Source data
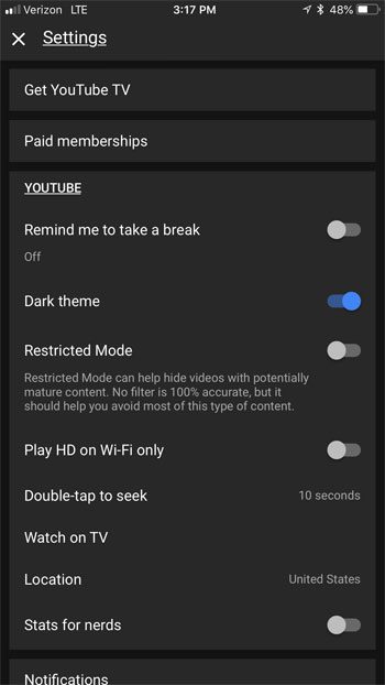 Bu ayarı değiştirmenin, cihazdaki bir tarayıcıda veya masaüstü bilgisayarınızdan YouTube'u ziyaret ettiğinizde YouTube web sitesinin görüntülenmesini etkilemeyeceğini unutmayın. Bu yalnızca iPhone uygulaması için tema ayarını değiştirir. Ve bu tema sadece iPhone'da gerçekten iyi görünmekle kalmıyor, aynı zamanda pil ömrünü geliştirme bonusuna da sahip!
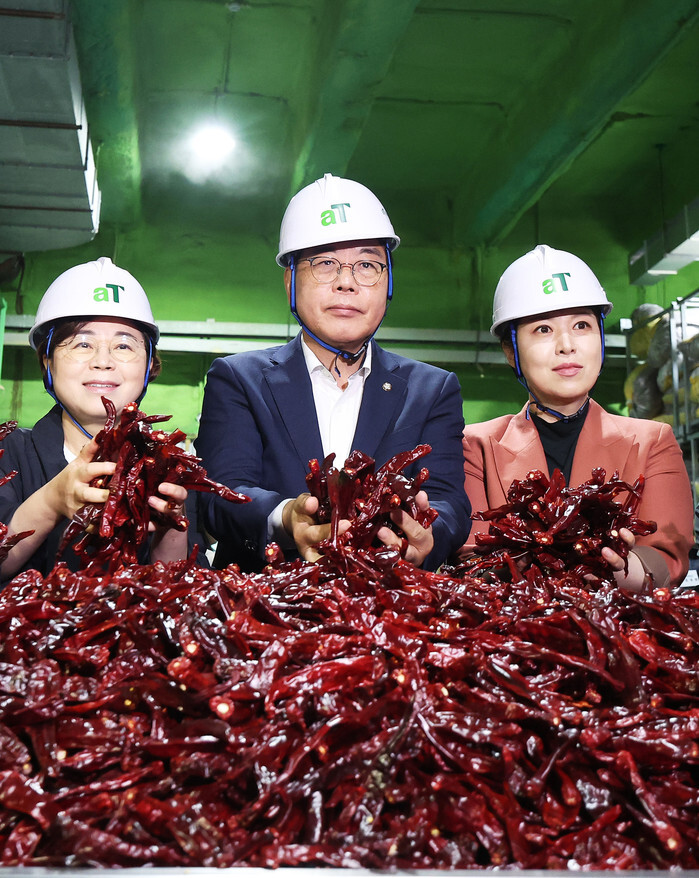 Song Eon-seog (C), leader of the main opposition People Power Party's emergency leadership committee, looks at dried hot peppers in stock during a visit to a reserve base of the state-run Korea Agro-Fisheries & Food Trade Corp. in Icheon, south of Seoul, on July 25, 2025, amid rises in prices of agricultural products caused by a heat wave and torrential rains gripping the country. (Yonhap)
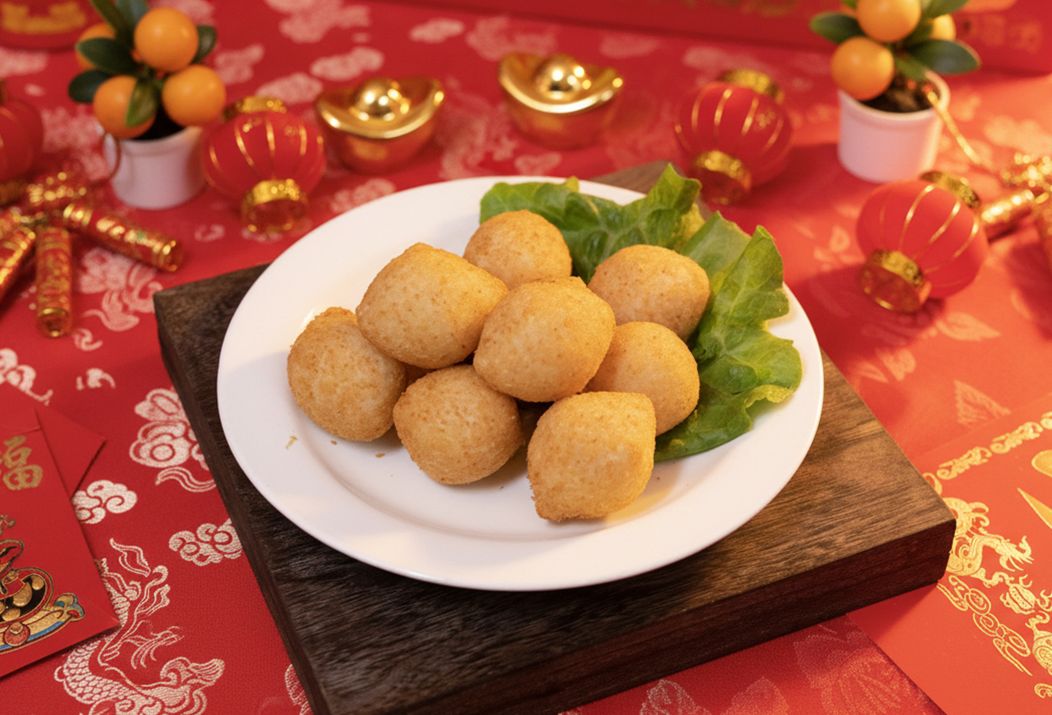 純糯米研磨外皮粿上椰子粉,私廚秘製叉燒味內餡,大人小孩都喜愛的人氣炸物小點,過年圍爐聚餐的好選擇!
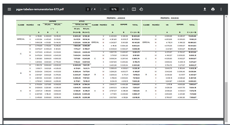 Importante destacarmos que, a partir da aplicação dos índices de correção dos steps da progressão funcional, as novas tabelas melhoram um pouco a proposta de reajuste do governo apresentada anteriormente.
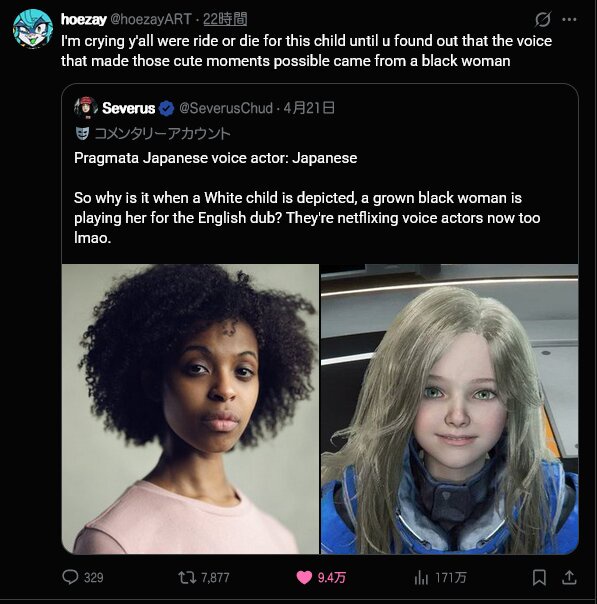 カプコン新作「プラグマタ」少女役の声優が黒人というだけで炎上wwwww
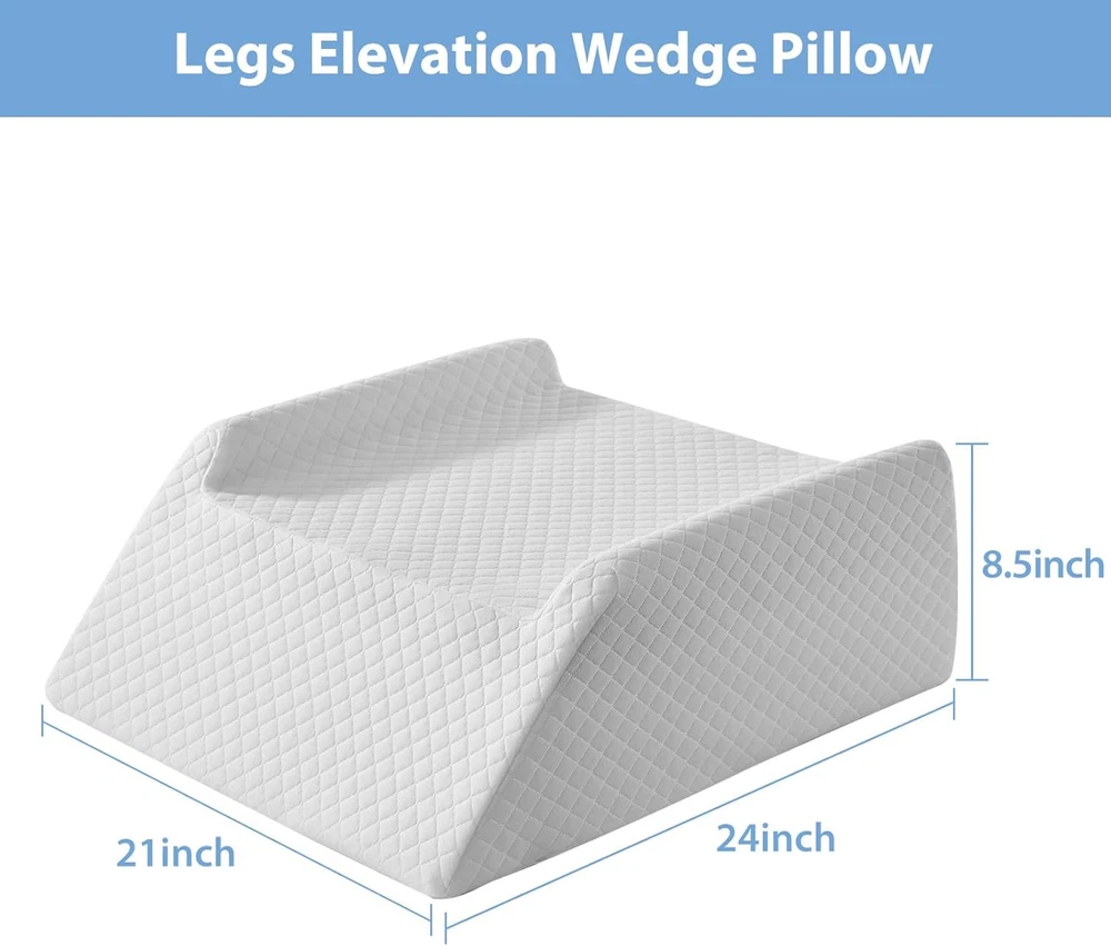 Leg Elevation Pillow for Blood Circulation after Surgery Swelling, Wedge Pillow for Legs Pain Relief, Foot & Ankle Injury, Rest & Sleeping, 8" Memory Foam Leg Pillow Soft but supportive leg elevation pillow : The top layer of the leg pillow is made of gel memory foam for softness and comfort. The bottom layer of the leg elevating pillow is made of high-density foam, which foot pillow provides effective support without deformation over time. Reduce swelling and quick recovery leg wedge pillow: leg pillow Elevating the legs above heart level promotes optimal blood circulation, leg elevation pillow reducing swelling and expediting recovery by up to 30%. This leg pillow elevation blood circulation is an perfect choice for pregnant women, the elderly and individuals recovering from knee, hip, or femur surgeries, as well as those managing leg injuries. Ease discomfort leg elevation pillows for after surgery: Backaches, knee soreness, and varicose veins frequently disrupt your sleep. Our knee surgery pillow offers relief by raising your legs, alleviating pain for a more comfortable and restful sleep. foot pillows for elevation while sleeping prepare you for a comfortable night's sleep! Made for maximum comfort leg elevating pillow: our knee pillow post surgery are precisely angled at 45º to optimize leg height for maximum fit and comfort. The bottom non-slip fabric of leg elevation pillow and U-shaped grooves of the leg wedges for elevation for swelling ensure that your legs stay firmly planted on the foot elevation pillow throughout the night, preventing any unwanted sliding and allowing you to sleep soundly throughout the night. leg elevation pillows for after surgery: All of us have suffered from back pain, leg, knee, ankle injuries, and surgery. The wedge pillow for knee pain is a unique item for those recovering from surgery to help ease their pain and give them the care they need most! In addition, the leg pillow for back pain can be used for daily living such as sleeping, reading, relaxing, and working to bring comfort to life. Product Description Legs don't Slip anymore ! The U-shaped grooves prevent your legs from preventing any unwanted sliding, allowing you to sleep soundly throughout the night. Soft & Breathable Fabric Choose luxury bamboo fiber fabric, breathable, comfortable, even in the hot summer will not swe. Non-slip Bottom The bottom is made of non-slip fabric, so you won't slide while you sleep. Easy to Clean Comes with a deluxe removable pillowcase that is easy to remove and wash for a comfortable night's sleep every time. 1 Sleeping 2 Reading 3 Relaxing 21.0 "w x 24.0 "w. Weight: 4.02 lb Item model number HUTXZBS2421 Unit Count 1.0 Count Color White Pattern Solid Product Dimensions 24"L x 21"W Material Memory Foam Use for Ankle, Knee, Back, Body, Feet Item Weight 4.02 pounds Shape Wedge Fill Material Memory Foam Maximum Tilt Angle 45 Degrees Age Range (Description) All age Recommended Uses For Product Reading, Nursing, Sleeping, Resting, Recovery Size 24*21*8.5 Inch Special Feature Machine Washable Cover, Ergonomic Support, Skin-Friendly, Removable Cover, Breathable Item Firmness Description Medium Soft Product Care Instructions Machine Wash Number of Pieces 1
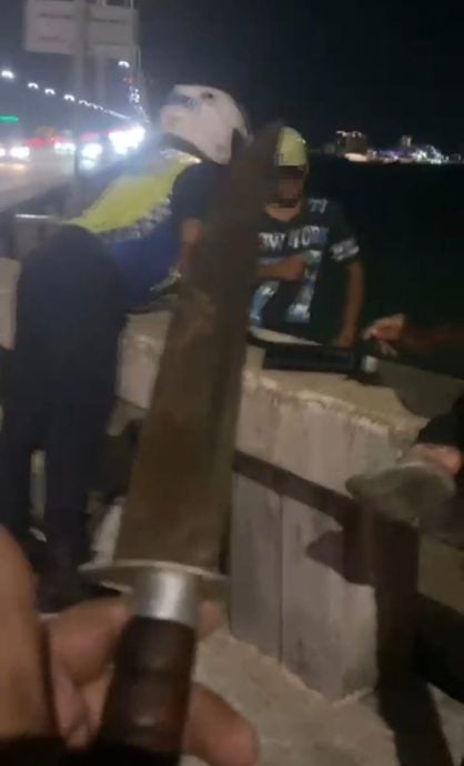 无独有偶,昨晚8时许在槟城大桥同样北海方向的4公里路段,一名相信是缅甸籍的男子站在桥边,疑似用刀子刺伤自己的胸口后跃下大桥,目前生死不明。
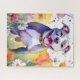 A digital art image of a pit bull dog with its tongue out stands amidst vibrant flowers and a colorful abstract background. Bright splashes of color and whimsical details create a lively scene.
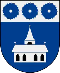Сюжет герба: у синьому полі срібна церква, у срібній главі три сині круглі пилки в один ряд.
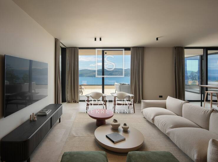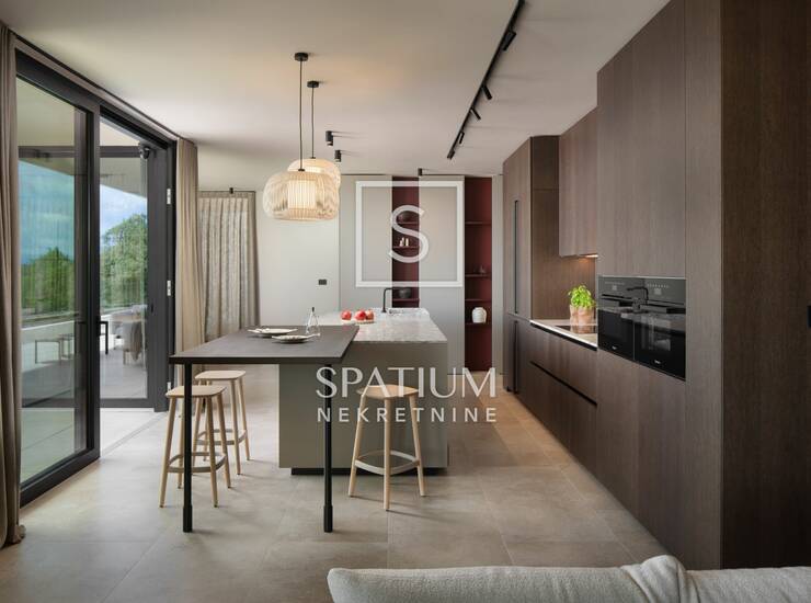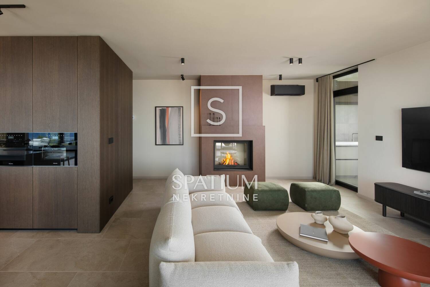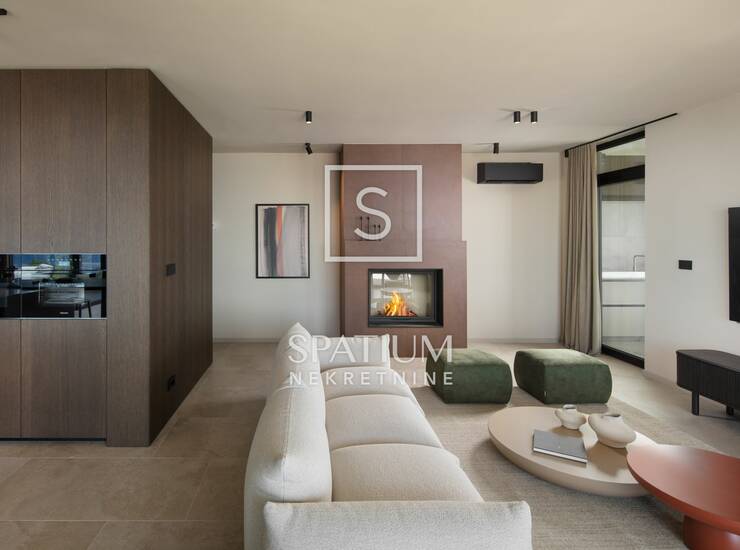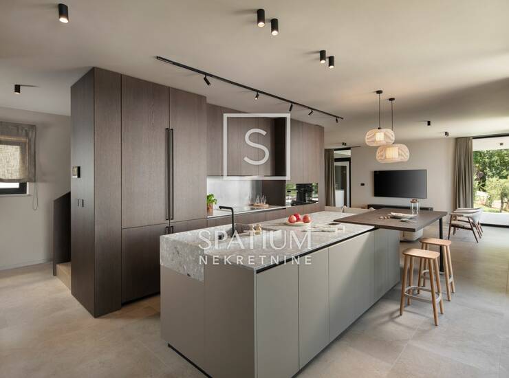 Donja etaža osmišljena je kao reprezentativan dnevni prostor otvorenog koncepta. Prostrani dnevni boravak s kaminom, blagovaonica i moderno opremljena kuhinja s kuhinjskim otokom čine elegantnu cjelinu, idealnu za svakodnevni život i druženja. Velike staklene površine osiguravaju obilje prirodnog svjetla te omogućuju direktan izlaz na terasu i bazen, uz neometan pogled na more i prirodno okruženje. Na istoj etaži nalazi se i luksuzni wellness prostor sa saunom, jacuzzijem i tušem, dodatno naglašavajući ekskluzivan karakter nekretnine.
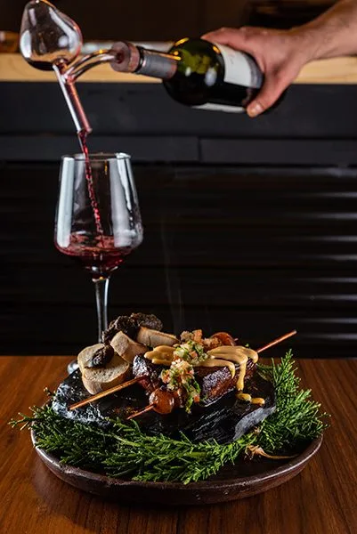 Anticucho de res en roca laja. La piedra es local, recolectada del fiordo. “Cocinar sobre roca como antes”, señala montando la preparación. Un gesto que conecta territorio e historia. La carne, madurada durante 30 días, es marinada en soya, salsa de pescado, de ostra y jengibre; ecos de un viaje a Asia en 2018 que el chef trajo al sur. El pebre quemado lleva la ceniza de la parrilla al plato: un umami que convoca a la memoria.
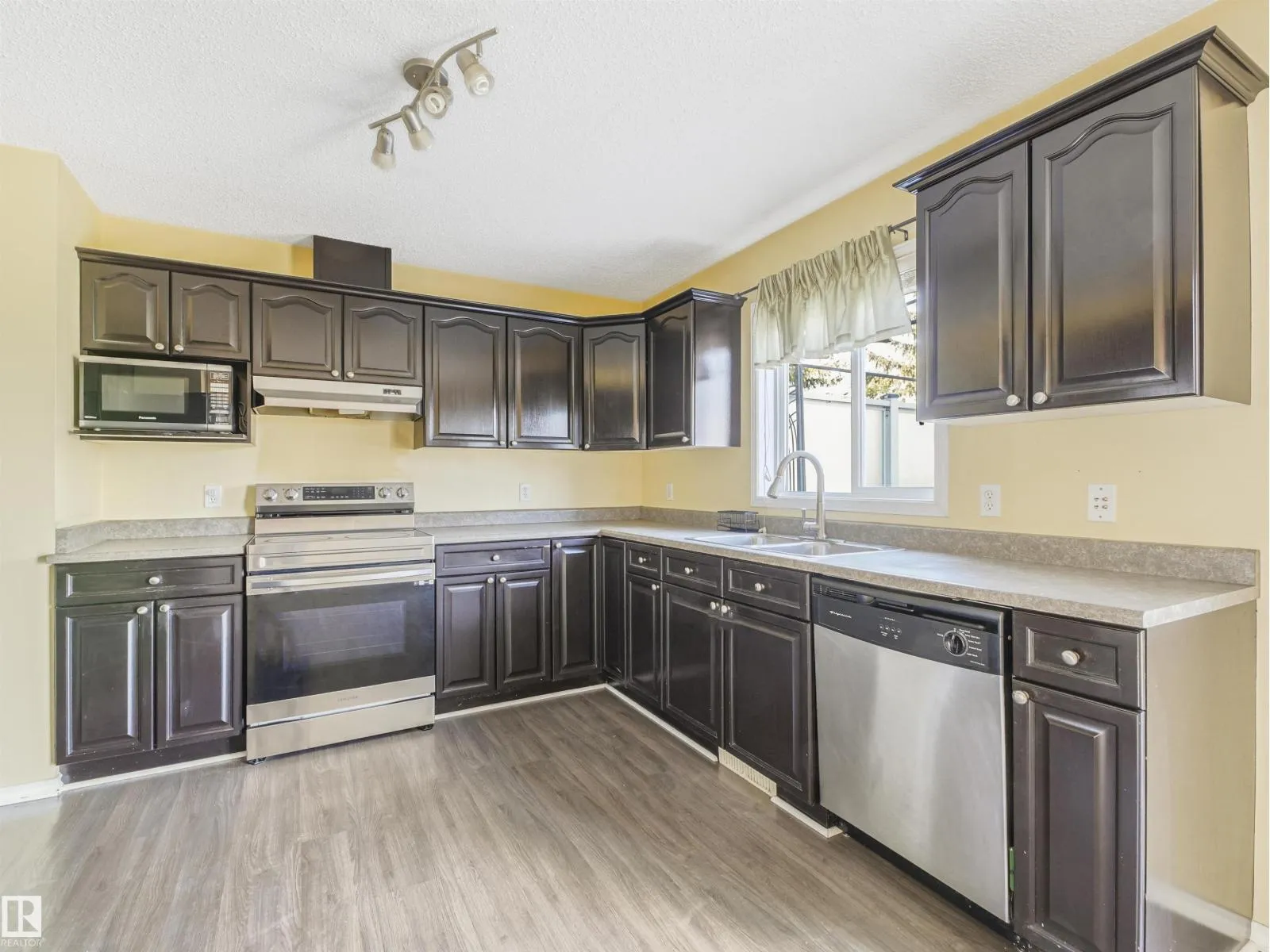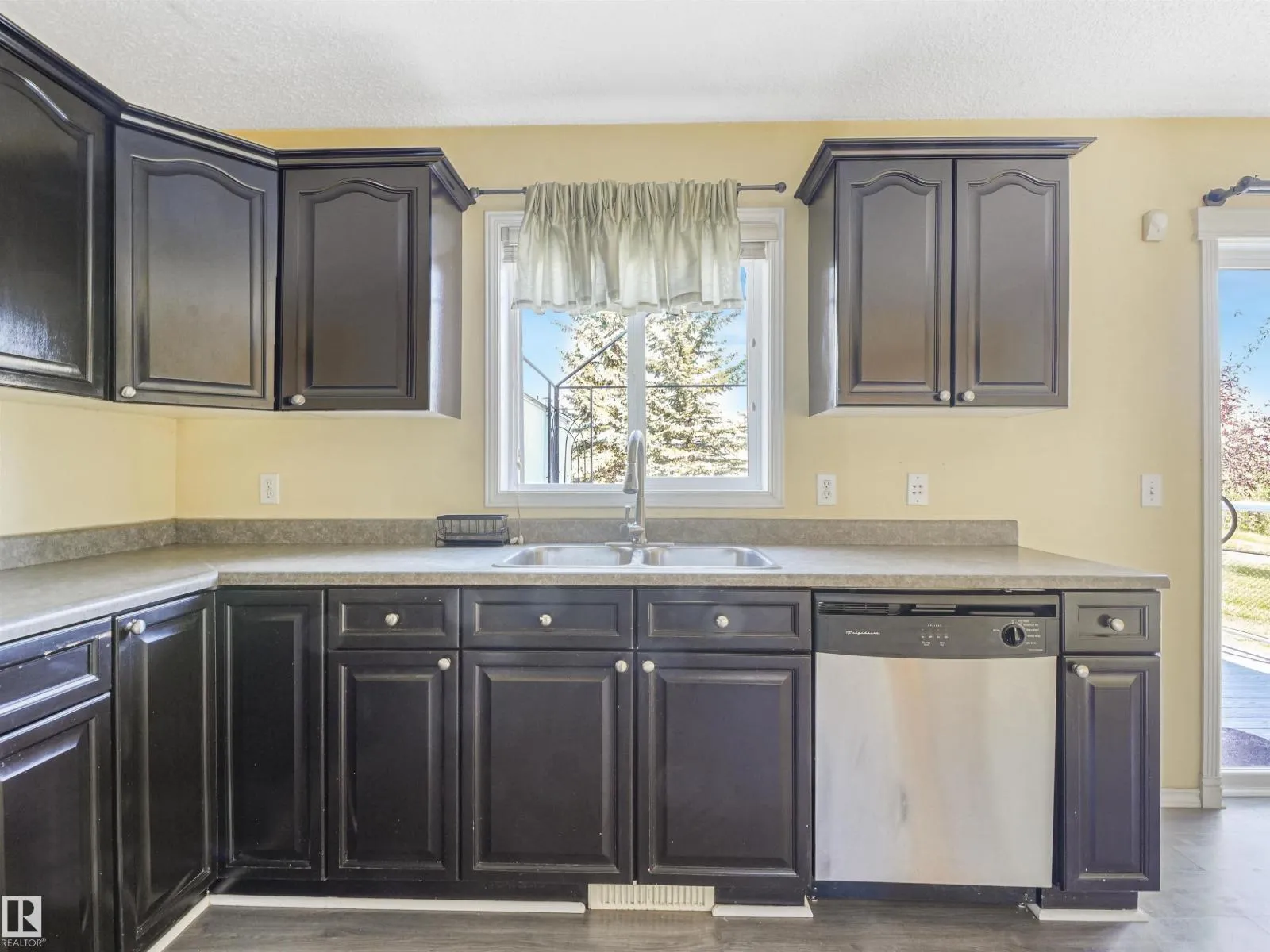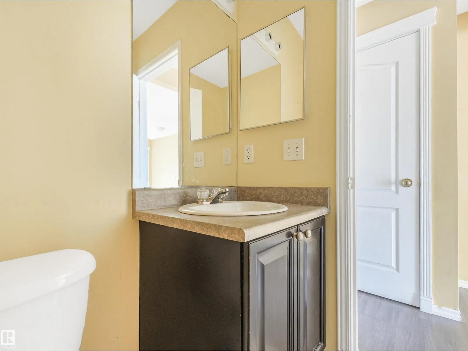 Welcome to this spacious and well-maintained 3-bedroom, 2.5-bathroom townhouse, perfectly situated in a desirable South East Edmonton community. Spanning 1,400 sqft, this home offers the ideal balance of low-maintenance living and comfortable space. Step inside to a bright and open living area with large, south-facing windows that fill the home with natural light year-round. The modern kitchen is a true highlight with dark cabinetry, stainless steel appliances, and a spacious layout. Upstairs, the cozy bedrooms feature plush carpeting and ample natural light, with the master bedroom offering an ensuite bathroom and a walk-in closet. The home also features an unfinished basement with endless potential, ideal for adding another living room, bedroom, and bathroom to suit your family's needs. Enjoy your morning coffee or evening barbecue on the private deck, which overlooks a tranquil green space. The unit includes two dedicated parking stalls conveniently located directly in front of the townhouse. (id:27476)

EXERCISE REQUIREMENTS:
Copy only the part of the records that runs from the first line to the line with "純糯米研磨外皮粿上椰子粉,私", ends included, leaving pictures out.

SOLVED PROBLEM:
 Bu ayarı değiştirmenin, cihazdaki bir tarayıcıda veya masaüstü bilgisayarınızdan YouTube'u ziyaret ettiğinizde YouTube web sitesinin görüntülenmesini etkilemeyeceğini unutmayın. Bu yalnızca iPhone uygulaması için tema ayarını değiştirir. Ve bu tema sadece iPhone'da gerçekten iyi görünmekle kalmıyor, aynı zamanda pil ömrünü geliştirme bonusuna da sahip!
 Song Eon-seog (C), leader of the main opposition People Power Party's emergency leadership committee, looks at dried hot peppers in stock during a visit to a reserve base of the state-run Korea Agro-Fisheries & Food Trade Corp. in Icheon, south of Seoul, on July 25, 2025, amid rises in prices of agricultural products caused by a heat wave and torrential rains gripping the country. (Yonhap)
 純糯米研磨外皮粿上椰子粉,私廚秘製叉燒味內餡,大人小孩都喜愛的人氣炸物小點,過年圍爐聚餐的好選擇!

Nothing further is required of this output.